------ THE DATA
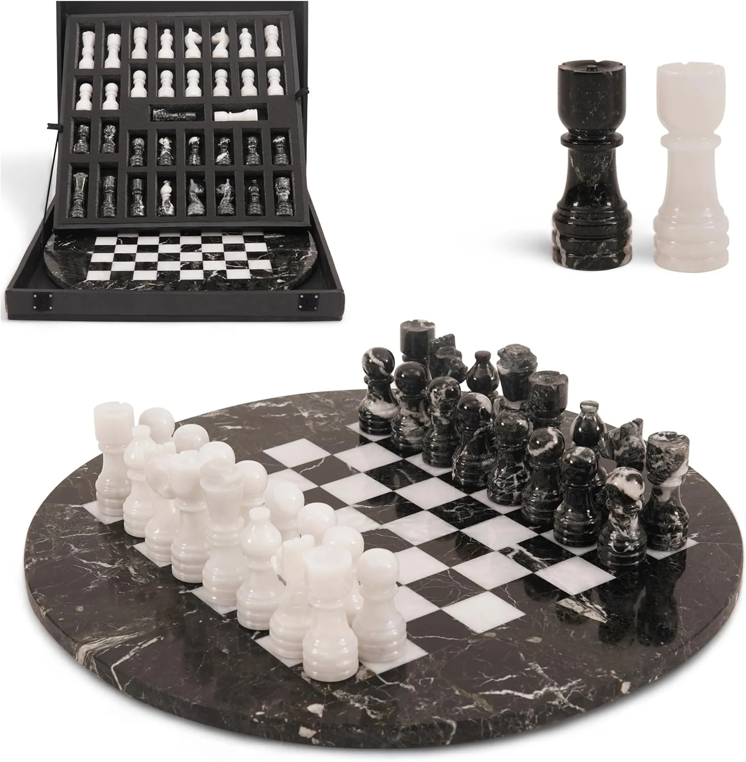 Made from 100% natural marble and onyx stone, each set includes a solid circular board paired with hand-carved stone chess pieces. The natural veining and color variations make every chess set unique.
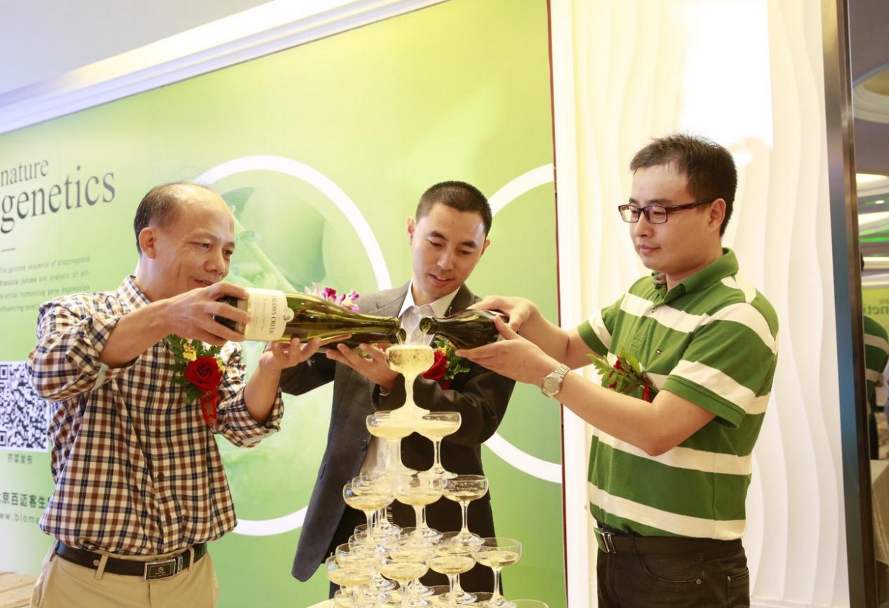 會(huì)中,眾嘉賓同時(shí)為發(fā)布會(huì)揭幕,迎來(lái)全場(chǎng)嘉賓們的矚目及掌聲,制作精美的大型雜志模型浮現(xiàn),同時(shí)芥菜基因組數(shù)據(jù)全球同步發(fā)布。接下來(lái)中國(guó)農(nóng)科院王曉武教 授、百邁客鄭洪坤總裁、浙江大學(xué)楊景華教授一起澆注香檳塔。于軍老師等嘉賓隨后一同舉杯,共同祝賀蕓薹屬科研成果的發(fā)布。會(huì)上有二十幾家媒體到場(chǎng),媒體提 問(wèn)環(huán)節(jié)也十分引人注目,cctv4、科技日?qǐng)?bào)提出了百姓關(guān)注的餐桌問(wèn)題;測(cè)序中國(guó)、生物探索、生物谷行業(yè)媒體就兩篇論文的基因組發(fā)布技術(shù)和潛在的應(yīng)用前景 與嘉賓進(jìn)行探討,嘉賓們紛紛做了精彩的回答。
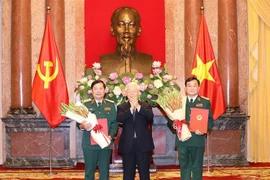 越通社河内——越共中央总书记、国家主席、中央军委书记、国防安全委员会主席、武装力量统帅阮富仲1月22日上午在主席府向越共中央委员、国防部副部长阮新疆和武明良授予中将晋升上将军衔的命令状。
------------
WHAT TO PRODUCE
Set down the full listing above with its wording unchanged. Leave out its images.

EXERCISE ANSWER
 Made from 100% natural marble and onyx stone, each set includes a solid circular board paired with hand-carved stone chess pieces. The natural veining and color variations make every chess set unique.
 會(huì)中,眾嘉賓同時(shí)為發(fā)布會(huì)揭幕,迎來(lái)全場(chǎng)嘉賓們的矚目及掌聲,制作精美的大型雜志模型浮現(xiàn),同時(shí)芥菜基因組數(shù)據(jù)全球同步發(fā)布。接下來(lái)中國(guó)農(nóng)科院王曉武教 授、百邁客鄭洪坤總裁、浙江大學(xué)楊景華教授一起澆注香檳塔。于軍老師等嘉賓隨后一同舉杯,共同祝賀蕓薹屬科研成果的發(fā)布。會(huì)上有二十幾家媒體到場(chǎng),媒體提 問(wèn)環(huán)節(jié)也十分引人注目,cctv4、科技日?qǐng)?bào)提出了百姓關(guān)注的餐桌問(wèn)題;測(cè)序中國(guó)、生物探索、生物谷行業(yè)媒體就兩篇論文的基因組發(fā)布技術(shù)和潛在的應(yīng)用前景 與嘉賓進(jìn)行探討,嘉賓們紛紛做了精彩的回答。
 越通社河内——越共中央总书记、国家主席、中央军委书记、国防安全委员会主席、武装力量统帅阮富仲1月22日上午在主席府向越共中央委员、国防部副部长阮新疆和武明良授予中将晋升上将军衔的命令状。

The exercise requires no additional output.